Mobile phone data are a treasure-trove for development


Paul van der Boor and Amy Wesolowski in SciDevNet: “Each of us generates streams of digital information — a digital ‘exhaust trail’ that provides real-time information to guide decisions that affect our lives. For example, Google informs us about traffic by using both its ‘My Location’ feature on mobile phones and third-party databases to aggregate location data. BBVA, one of Spain’s largest banks, analyses transactions such as credit card payments as well as ATM withdrawals to find out when and where peak spending occurs.This type of data harvest is of great value. But, often, there is so much data that its owners lack the know-how to process it and fail to realise its potential value to policymakers.
Meanwhile, many countries, particularly in the developing world, have a dearth of information. In resource-poor nations, the public sector often lives in an analogue world where piles of paper impede operations and policymakers are hindered by uncertainty about their own strengths and capabilities.Nonetheless, mobile phones have quickly pervaded the lives of even the poorest: 75 per cent of the world’s 5.5 billion mobile subscriptions are in emerging markets.
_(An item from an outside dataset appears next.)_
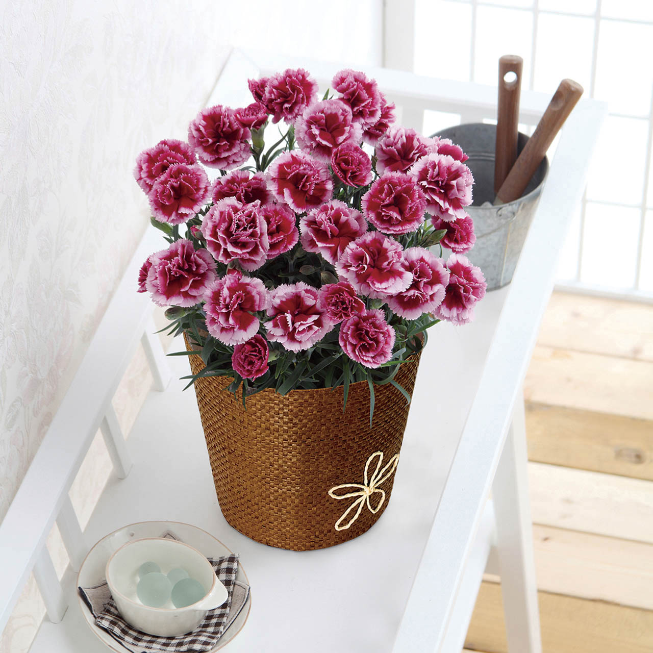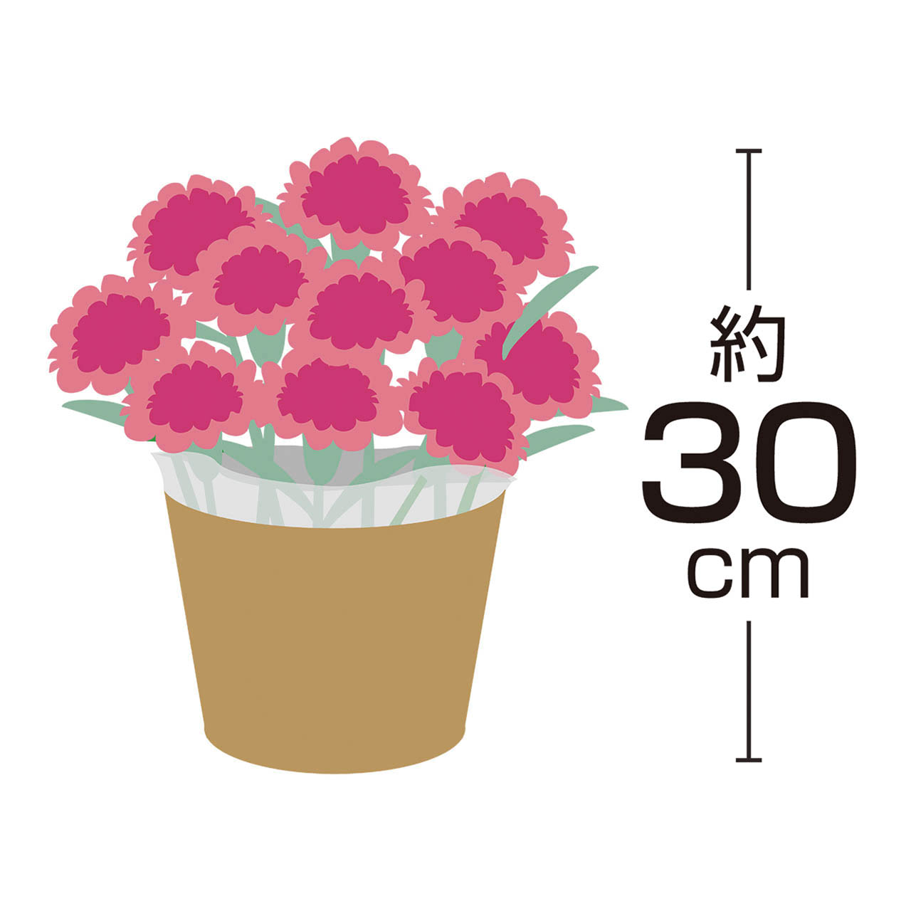 ■商品詳細 カーネーション(プラムタルト)5号1鉢、サイズ:高さ:約30cm、バスケットもしくはラッピングバッグ、取扱いの手引き

These people are also generating digital trails of anything from their movements to mobile phone top-up patterns. It may seem that putting this information to use would take vast analytical capacity. But using relatively simple methods, researchers can analyse existing mobile phone data, especially in poor countries, to improve decision-making.
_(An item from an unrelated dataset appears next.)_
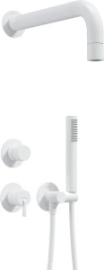 Set prysznicowy Silia składa się z wylewki ściennej wraz z główką natryskową, baterii, węża, słuchawki natryskowej i przyłącza kątowego. Główka prysznicowa zapewnia strumień wody o optymalnej mocy, tworząc efekt stożka. Bateria wyposażona jest w ceramiczny, mechaniczny przełącznik funkcji, gwarantujący trwałość i precyzję. Wąż prysznicowy, dzięki zastosowaniu technologii Anti-twist, nie plącze się, zapewniając komfort użytkowania. Słuchawka natryskowa wykonana została z wysokogatunkowej stali nierdzewnej i posiada przyjemny deszczowy strumień. Przyłącze kątowe jest ruchome, dzięki czemu można dowolnie ustawić kąt nachylenia słuchawki. Zestaw wykończony jest w estetycznym, matowym białym kolorze.

Think of existing, available data as low-hanging fruit that we — two graduate students — could analyse in less than a month. This is not a test of data-scientist prowess, but more a way of saying that anyone could do it.
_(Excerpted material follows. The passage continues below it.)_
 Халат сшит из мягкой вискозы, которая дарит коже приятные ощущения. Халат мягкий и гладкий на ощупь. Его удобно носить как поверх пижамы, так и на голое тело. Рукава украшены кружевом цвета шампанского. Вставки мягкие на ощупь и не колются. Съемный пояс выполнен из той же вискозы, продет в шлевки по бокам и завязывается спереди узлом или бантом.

There are three areas that should be ‘low-hanging fruit’ in terms of their potential to dramatically improve decision-making in information-poor countries: coupling healthcare data with mobile phone data to predict disease outbreaks; using mobile phone money transactions and top-up data to assess economic growth; and predicting travel patterns after a natural disaster using historical movement patterns from mobile phone data to design robust response programmes.
Another possibility is using call-data records to analyse urban movement to identify traffic congestion points. Nationally, this can be used to prioritise infrastructure projects such as road expansion and bridge building.
The information that these analyses could provide would be lifesaving — not just informative or revenue-increasing, like much of this work currently performed in developed countries.
But some work of high social value is being done. For example, different teams of European and US researchers are trying to estimate the links between mobile phone use and regional economic development. They are using various techniques, such as merging night-time satellite imagery from NASA with mobile phone data to create behavioural fingerprints. They have found that this may be a cost-effective way to understand a country’s economic activity and, potentially, guide government spending.
Another example is given by researchers (including one of this article’s authors) who have analysed call-data records from subscribers in Kenya to understand malaria transmission within the country and design better strategies for its elimination. [1]
In this study, published in Science, the location data of the mobile phones of more than 14 million Kenyan subscribers was combined with national malaria prevalence data. After identifying the sources and sinks of malaria parasites and overlaying these with phone movements, analysis was used to identify likely transmission corridors. UK scientists later used similar methods to create different epidemic scenarios for the Côte d’Ivoire.”